Die Bahn baut - endlich

Die schlechte Nachricht für Bahnfahrer: Im kommenden Jahr werden zahlreiche Baustellen die Fahrzeit für mehrere Zugverbindungen in Deutschland verlängern. Die gute Nachricht: Die zahlreichen Baustellen sind Teil eines großen Programms, mit dem die Bahn endlich den erheblichen Investitionsstau der vergangenen Jahre wieder auflösen will.Vor allem im Zuge des geplanten Börsengangs hatte die Bahn die Sparschrauben angezogen und notwendige Ausgaben für das Streckennetz zurückgestellt.

Die Folge: marode Weichen, alte Gleisbetten, kaputte Brücken. Jetzt will Bahnchef Rüdiger Grube 28 Milliarden Euro in die Modernisierung eben dieser Infrastruktur stecken. Geht die Planung der Bahn auf, werden sich die Unannehmlichkeiten für Kunden in Grenzen halten. Denn mittlerweile hat das Unternehmen gelernt, die Beeinträchtigungen mittels Nachtbaustellen, Umleitungen und koordinierter Nutzung nur einer Fahrspur einzudämmen.

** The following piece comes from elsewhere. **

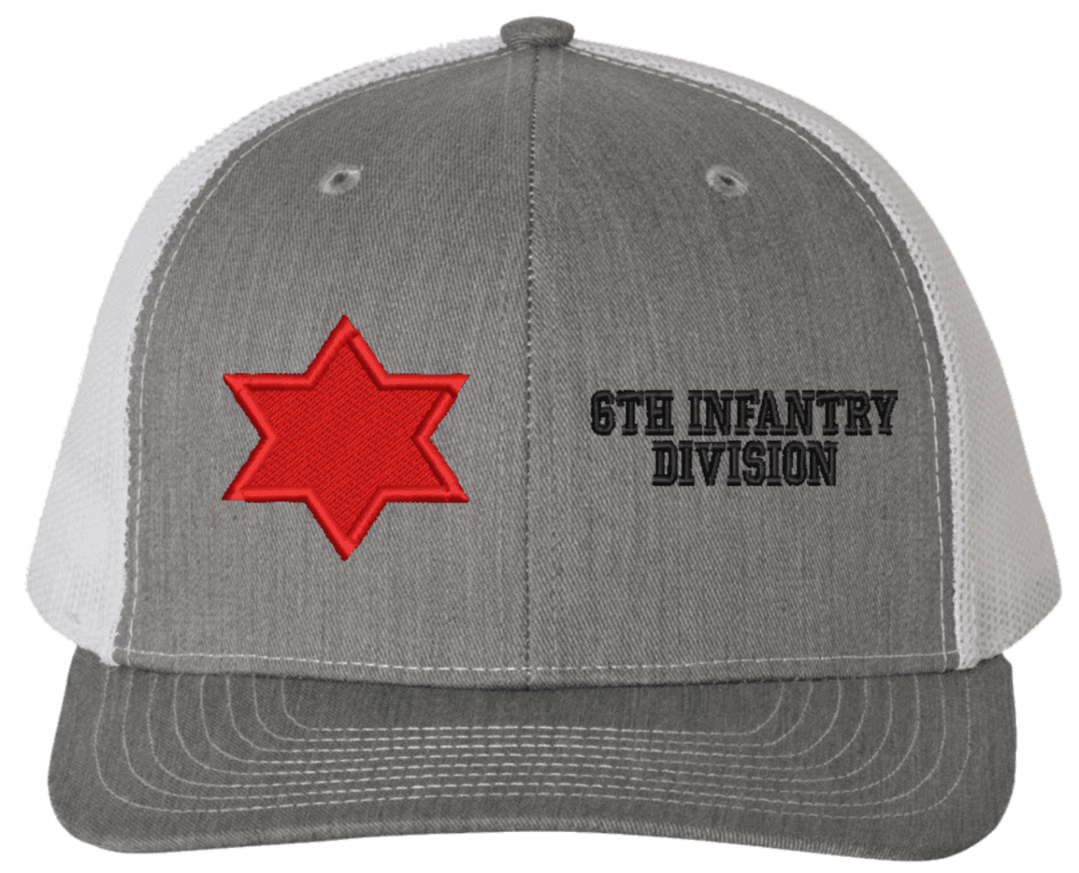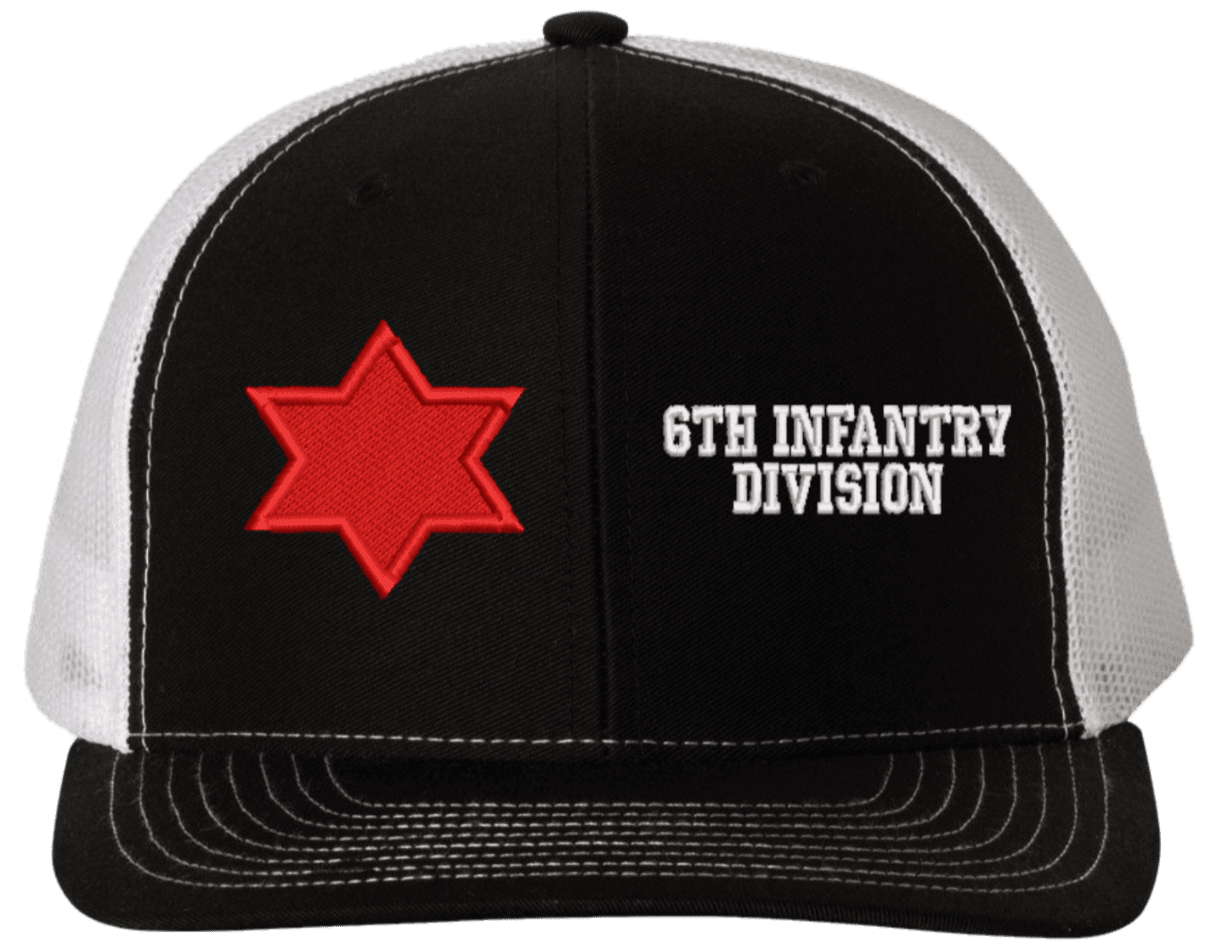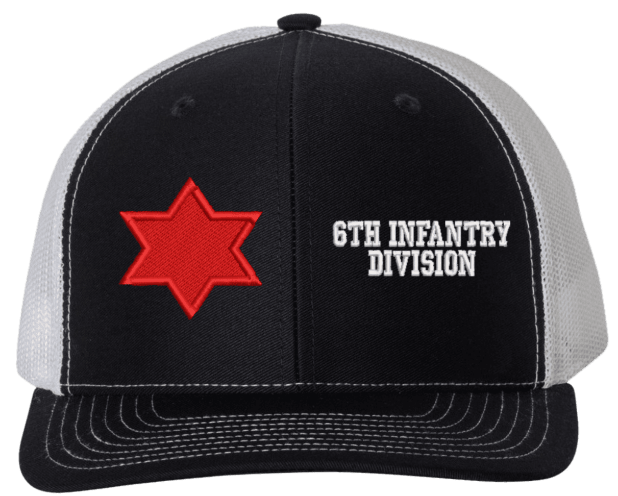 MilitaryBest is proud to offer this Mesh Back 6th Infantry Division Split Cap. The 6th Infantry Division Insignia is embroidered onto a 6x panel mid/low profile mesh back cap and is crisp, clean, and sure to be loved by people of all ages! As with all MilitaryBest caps and apparel your satisfaction is guaranteed!Caps ordered with embroidered back text requires an additional 1 to 2 days of production time. All personalized caps will be embroidered in ALL CAPITAL LETTERS. Caps personalized with back text are not returnable unless there is a material defect in the cap.

Es ist höchste Zeit, dass die Bahn verstärkt in ihre Qualität investiert. Durch die wachsende Konkurrenz der Fernbusse ist der Konzern erheblich unter Druck gekommen, sein Angebot wieder aufzuwerten. Denn letztlich ist es ein Rechenexempel, auf dem die Entscheidung zwischen Bahn und Fernbus fußt. Während der günstigere Preis für den Bus spricht, gibt meist die kürzere Fahrzeit den Ausschlag für die Schiene. Dass die Bahn 2014 trotzdem rund 60 Millionen Euro Umsatz an die Fernbusse verlor, mag auch daran liegen, dass Bahnkunden stets fürchten müssen, durch Verspätungen und verpasste Anschlüsse den Vorteil kürzerer Fahrzeiten wieder einzubüßen.

Bahnchef Grube, der nach Jahren ordentlicher Erträge im vergangenen Jahr erstmals mit einem Verlust von mehr als einer Milliarde Euro konfrontiert war, hat den Druck erkannt, das Unternehmen wieder auf Qualität auszurichten. Die Streckensanierungen, die auch die Zuverlässigkeit steigern sollen, sind da nur ein Baustein. Auch eine Digitalisierungs-Offensive gehört zum Zukunftsprogramm. Damit geht die Bahn das wichtige Thema Service an: Geänderte Wagenreihungen lassen sich dann sofort am Gleis anzeigen, Kunden bekommen die meist unverständlichen Ansagen am Bahnsteig zum Nachlesen auf ihr Handy geschickt, theoretisch können sie sich auch per App einen Kaffee an den Platz bestellen.

Solche Spielereien können aber nur der Anfang sein. Umfassender Service wird letztlich über den Erfolg der Bahn entscheiden: Solange Fahrgäste bei Verspätungen nicht mehr erwarten können als das Warten auf einem kalten Bahnsteig, verfallene Reservierungen in ihren Anschlusszügen und den Antrag auf eine Rückerstattung, so lange hat die Bahn ihre Hausaufgaben noch nicht erledigt.